For a good part of my IT career I worked as a consultant for large professional consulting firms in Europe and here in Australia. I’d be assigned to large scale software development projects and design and build systems with a small team of developers. Most of us had around 5-10 years IT experience at that point, were led by a more experienced project manager and architect and we’d spend months writing requirements specs, technical specs, attending meetings, writing more documents, creating proof of concepts, getting customer buy-in and finally cutting code.
The end result was usually a very expensive piece of software put together by a team of developers starting out in their IT careers. Most of my fellow developers tended to write fairly decent code – but unfortunately not all. The software would need to progress through many iterations before most of the significant bugs were ironed out. The customer would eventually get a solution that met their requirements – often many months later after many iterations of testing and bug fixing.
A large part of the cost and delay in delivery would relate to time spent writing and reviewing upfront business analysis and design documentation, attending meetings and jumping through process hoops.
Unfortunately this model of acquiring custom software – i.e. paying a big name consultancy firm (using a large crew of often junior to intermediate level programmers) – is still the norm for many large corporate projects. Whilst there are certainly many successful projects delivered this way, on the flip side many businesses are also deploying buggy software with often atrocious usability that is late to market and has cost them a small fortune.
Here are some examples of the pain points I’m talking about:
- Insurance companies are deploying insurance quoting software that resets all form data where you click the ‘back’ link, doesn’t validate street addresses and allows non-numerical data in numerical input fields.
- Parents are struggling with school reports software with very poor usability that even a seasoned tech head can’t figure out.
- Organisations that seek advice on technical strategy are often forking out tens if not hundreds of thousands of dollars for technical consultancy.
Based on my experience, both working within large corporate and government IT projects and as an independent consultant, I know there is a better way.
Micro consultancy and rapid development
On many projects a small team of experienced developers – and by small I mean 4 to 6 tops for most medium scale projects – can achieve results in terms of quality and time to market that far outstrip the capabilities of a larger team made up of junior to mid level programmers and outsourced staff. There is really no substitute for experience.
I’ve seen it with my own eyes – multiple times. Some years back I worked with an excellent group of highly experienced Java EE programmers on a mobile payments project. There were 6 of us on the team and the quality of the output and the speed with which we delivered working code was exceptional. Team leadership had a lot to do with it – our team lead was a legend (hat tip to Bern ;)), but in general it was the depth of experience in the team that made all the difference. This is the depth of experience that can only be developed with time at the coal face – the depth of experience that a lot of seasoned freelancers and contractors will have, but will not generally be available in junior to mid level programmers starting their careers in a consultancy.

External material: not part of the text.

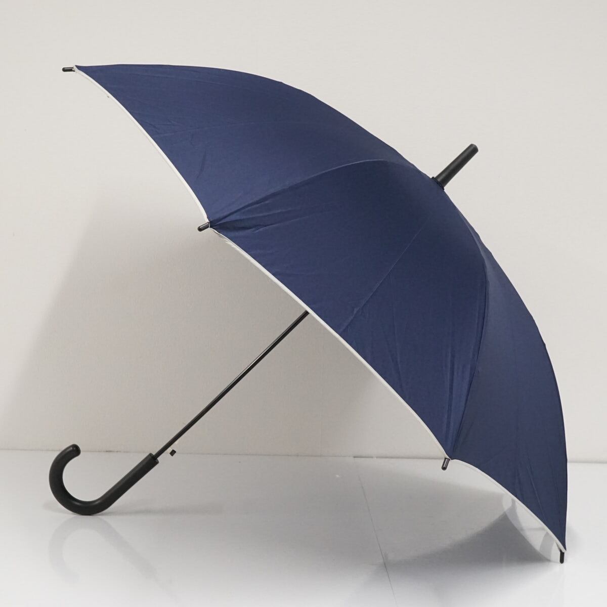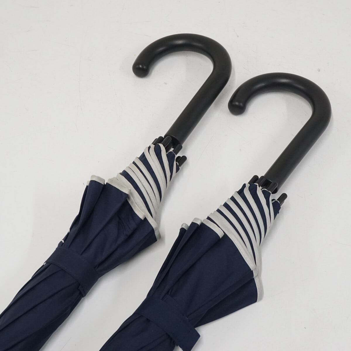 お色はネイビー(縁がホワイトのもの)の2本セットで、側面にワンポイントのシンプルなデザインですので、通学用の傘としてもお使いいただけます。
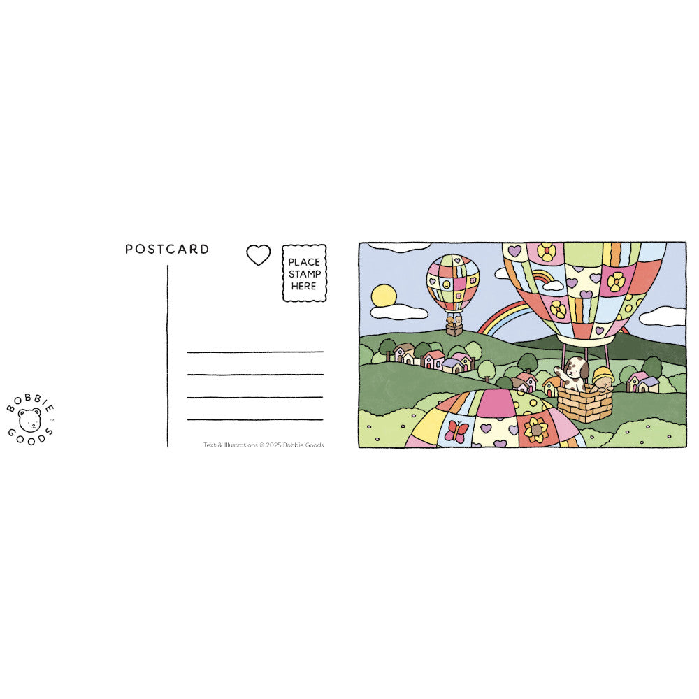 Bobbie Goods Postcard Coloring Book combines creativity and connection in a delightful collection of pullout postcards. Featuring Bobbie Goods’s signature nostalgic and whimsical art style, these postcards bring simple joys to life with scenes of hot air balloon rides, picnics, sunset strolls, and visiting the post office, with charming characters like Dr. Parmesan, Opal, Sweet Reba, Momo, and of course, Bobbie.

Realising that a small agile (more about that later) team of experienced developers can produce code of higher quality, more quickly to market than a larger team of less experienced programmers (following a consultancy’s homebrand methodology) was a light bulb moment for me.
Ok it’s fairly obvious you’d say.. and you’d be right. Except that it’s obvious to you if you’re in the software development business – but not if you’re a business looking for software development expertise. The default option is often to pick a big name consultancy over a ’boutique’ software agency down the road.
When that light bulb went off in my head here’s what I realised.
Businesses don’t always need to hire expensive teams to develop software. Many solutions can be provided by a small team of highly experienced developers following a ‘process light’ / agile development methodology, using rapid development practices and supporting tools.
Notice the key elements to the magic formula:
- Highly experienced developers
- Agile development methodology
- Rapid development practices and tools
Another aspect to the magic formula above is that the team do not have to be employees of the same business. They can be a team of freelancers working collaboratively on the same project. Much as with open source projects (for example this recent Github offering) where developers will usually not work for the same organisation, freelancers will collaborate together for mutual benefit.
In order to ensure that only ‘highly experienced’ freelance developers were invited onto a particular project there would need to be some form of vetting or pre-qualification process of course.